House GOP seeks more cuts


Associated Press

WASHINGTON

Pushed by rebellious conservatives, House Republican leaders scrambled Wednesday night to find deeper cuts, officials said, hours after laying out a plan to save $35 billion by eliminating at least 60 federal programs and cutting back hundreds of others.

Republican officials said one possibility was to add across-the-board cuts to supplement the targeted reductions spelled out earlier in the day at a closed-door meeting for the rank- and-file.

The original plan targeting education and the environment, food safety and law enforcement presents a blunt challenge to President Barack Obama.

It calls for eliminating a high-speed rail program the administration has ticketed for a multibillion-dollar expansion and recommends ending federal support for the Corporation for Public Broadcasting, familyplanning services and AmeriCorps.

The government’s principal nutrition program for pregnant women would be cut 6 percent below last year’s level.

The proposal marks an initial attempt by newly empowered Republicans to cut spending and reduce the size of the federal government.

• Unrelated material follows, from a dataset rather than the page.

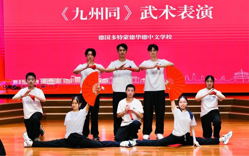 领队代表、德国多特蒙德中文学校教师赵瑞芳,营员代表、瑞士伯尔尼华夏中文学校学生颜瑞婷分别作了发言。与会人员一同观看了德国多特蒙德中文学校的武术表演《九州同》、爱尔兰UCD少儿孔子学堂的爱尔兰民族歌舞表演。

Yet it sets the stage for weeks of political combat as Democrats seek to blunt the cuts while tea-party-backed conservatives demand more of them.

Republicans are “keeping our pledge to the American people that we will cut spending,” House Speaker John Boehner, R-Ohio, said after details were outlined for the rank-and-file at a closed-door meeting.

Preliminary details of the plan emerged just before Obama hosted Boehner and his two top lieutenants at a White House lunch.